The giant federal housing and foreclosure relief legislation now heading for enactment contains a little-noticed - but potentially far-reaching - change in real estate tax policy.
It would permit millions of homeowners who do not itemize on their federal tax filings to claim a deduction for at least a portion of their local and state property taxes. Though the House version of the bill set the maximum write-off at $350 a year for single taxpayers and $700 for married joint filers, the Senate's more generous $500 and $1,000 deductions were expected to prevail in the final compromise version.

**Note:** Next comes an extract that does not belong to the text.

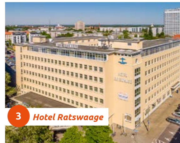
3 Hotel Ratswaage

Zentraler kann man nicht tagen. Die Veranstaltungsräume bieten viel Tageslicht, regelbares Raumlicht und Klimatisierung. Durch flexible Trennwände kann Raum für kleine Gesellschaften bis hin zu großen Konferenzen geschaffen werden. Das Küchenteam sorgt dafür, dass Ihre Gäste auch kulinarisch auf nichts verzichten müssen.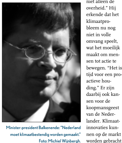
Minister-president Balkenende: "Nederland moet klimaatbestendig worden gemaakt."

"Het is glashelder dat daarvoor alle partijen nodig zijn, niet alleen de overheid."

Originally intended as a one-year economic relief measure for Americans who do not itemize, tax experts say it's likely that the new write-off will turn into a permanent feature in the tax code. Currently it would apply only to tax returns filed on 2008 incomes, and cost the federal treasury anywhere from an estimated $1.2 billion to $1.5 billion for the year.
According to an analysis of 2005 IRS data by the nonprofit Tax Foundation, only 35.6 percent of all taxpayers - tenants as well as homeowners - itemize on their returns. In some states, such as West Virginia, the percentage is less than 20 percent. Only in Maryland, a relatively high-income state, did more than 50 percent of taxpayers itemize. Among homeowners nationwide, an estimated one-half itemize, but one-third of all homeowners have no mortgage debt against their property, and therefore do not claim mortgage interest as a deduction.

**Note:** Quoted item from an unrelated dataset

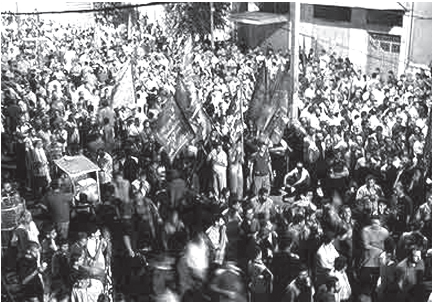
חמאס בעזה | החיכוך עם ישראל הוא אמצעי בדוק של החמאס לגיוס תמיכה ואהדה

אותו להיות מרוסן (יחסית) בהתגרריות שלו נגד ישראל. בכך ניטל ממנו מנוף פוליטי קריטי. יתר על כן, בשל הפיכתו לארגון צבאי למחצה שנוכחותו בולטת בשטח (ברשותו מוצבים, בסיסים, מחסנים, בתי מלאכה, כלי רכב וכו') קל יותר לצה"ל לפגוע בו. התנהלות הארגון אכן מעידה על כך שהולך וגדל חששו מפני פעולה נרחבת של צה"ל נגדו.

The new legislation would effectively add another tax preference for people who own houses while offering nothing to those who rent. The idea, say supporters, is to provide greater tax fairness for a huge category of owners - often seniors and lower- to moderate-income households - who opt for the standard deduction but also pay local and state property taxes.

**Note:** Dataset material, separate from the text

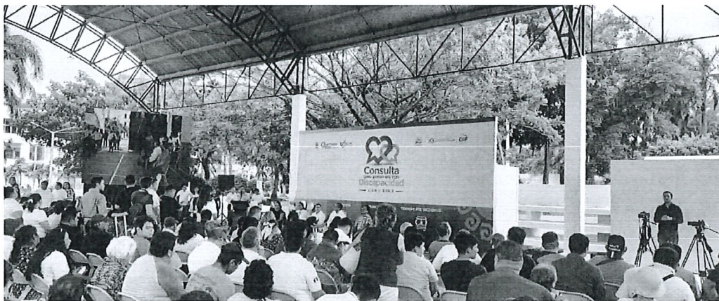
Consulta pública, abierta y regular, estrecha, libre e informada a personas con discapacidad en materia de sus derechos, transporte inclusivo y turismo inclusivo.

Tipo de Evidencia: Fotográfica y Capturas de imagen.

Critics of the plan say it's just another example of the government's ongoing, inequitable approach to housing policy - overemphasizing the financial benefits for homeownership versus renting. Some critics argue that these heavy tax subsidies for ownership helped stimulate buyer mania during the boom years, along with zero-down and "stated-income" financing that put thousands of people into real estate they never could afford.
"We think [the new deduction] is terrible policy," said James Arbury, senior vice president for government affairs of the National Multi Housing Council, the country's principal trade group for rental property developers, owners and managers. "It actually makes things worse, rather than better" by sweetening the pot further for ownership while ignoring tenants - the vast majority of whom are also nonitemizers.
"Many renters are under the same economic duress as owners," said Arbury. "But nobody is giving them new tax deductions."
The National Multi Housing Council has fought a long, unsuccessful campaign to persuade Congress to take a more even-handed approach in supporting taxpayers' housing choices.
"We understand why members [of Congress] would want to put more goodies in homeowners' baskets" in political terms, said Arbury. Owners outnumber renters roughly 2-1 and have influential lobbies such as the National Association of Realtors and the National Association of Home Builders pushing their interests year-round. But renters ultimately end up paying for part of the subsidies that flow to owners, and, say critics such as Arbury, that's not fair.